Last week, the International Monetary Fund published the results of its 2017 Article IV consultation with China concluding that the credit gap, the difference between the country’s current credit-to-GDP ratio compared to its historical trend, has begun to moderate. However, I believe this is a flawed indicator of debt-related macroeconomic risk. As I pointed out in my framework for China’s debt problem, the credit-gap ignores the firm-level debt structures that precipitate a liquidity crunch.
As I mentioned in that note, the late economist and Washington University professor Hyman Minsky stylized the credit cycle by sorting firms into three categories based on debt structure.

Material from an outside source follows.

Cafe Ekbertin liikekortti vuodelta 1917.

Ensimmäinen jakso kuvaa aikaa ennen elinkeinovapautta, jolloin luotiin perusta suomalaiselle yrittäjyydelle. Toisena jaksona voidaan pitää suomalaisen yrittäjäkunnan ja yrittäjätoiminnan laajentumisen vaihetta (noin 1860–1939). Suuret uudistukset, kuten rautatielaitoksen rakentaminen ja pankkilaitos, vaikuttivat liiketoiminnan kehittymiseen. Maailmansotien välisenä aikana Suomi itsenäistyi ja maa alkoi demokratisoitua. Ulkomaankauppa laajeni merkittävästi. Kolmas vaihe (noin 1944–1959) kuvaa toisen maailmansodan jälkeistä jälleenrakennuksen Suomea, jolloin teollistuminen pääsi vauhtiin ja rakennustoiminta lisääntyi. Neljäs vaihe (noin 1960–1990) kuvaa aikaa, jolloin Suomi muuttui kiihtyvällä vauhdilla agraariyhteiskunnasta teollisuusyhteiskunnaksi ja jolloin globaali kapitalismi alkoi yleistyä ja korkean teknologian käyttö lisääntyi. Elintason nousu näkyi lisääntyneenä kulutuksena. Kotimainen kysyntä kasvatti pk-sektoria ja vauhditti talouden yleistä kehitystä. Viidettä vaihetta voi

These included hedge units, firms that can repay debt with cashflow from their business; speculative units, firms that can make interest payments using cashflow from their business, but rely on more debt to repay principal; and ponzi units, which rely on more debt for both interest and principal repayments. In Minksy’s framework, the accumulation of ponzi units precedes a corporate liquidity crisis and macroeconomic bust.
The question we should ask ourselves is, how many of China’s corporate borrowers are paying off existing debt with new debt?

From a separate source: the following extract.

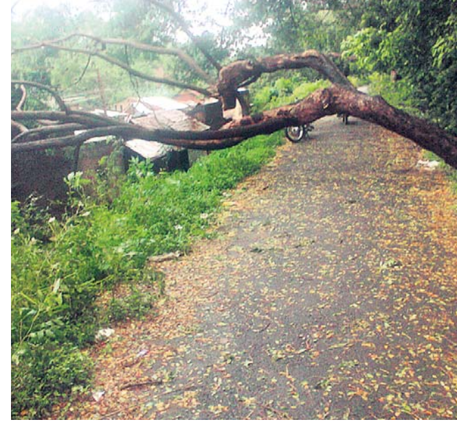
ଗଛପଡ଼ି ରାସ୍ତା ଅବରୋଧ ହୋଇଛି ।

ରାତି ୧୨ଟାଠାରୁ ଶୁକ୍ରବାର ସନ୍ଧ୍ୟା ସାଢ଼େ ୫ଟା ପର୍ଯ୍ୟନ୍ତ ବିଦ୍ୟୁତ୍ ସରବରାହ ବନ୍ଦ ରହିଥିଲା । ଏଥିଯୋଗୁ ଜଳ ଯୋଗାଣ ଅଞ୍ଚଳରେ ନ ଥିଲା । ବିଦ୍ୟୁତ୍ କାଟ ସମ୍ପର୍କରେ ବିଭାଗୀୟ ଅଧିକାରୀମାନଙ୍କୁ ଯୋଗାଯୋଗ କରାଯାଇଥିଲେ ମଧ୍ୟ

Since complete firm-level bank loan data is hard to come by, we can use corporate bond data to approximate the buildup in China’s liquidity risk. Analyzing the prospectuses for 29,600 corporate bonds issued between 2010 and the present, I found that, even as yields rebounded and issuance tanked, the proportion of newly issued debt used entirely to pay off existing debt remained near its all-time high.
While the IMF maintains that the top-line numbers on China’s debt accumulation are moderating, I believe that underlying liquidity issues remain.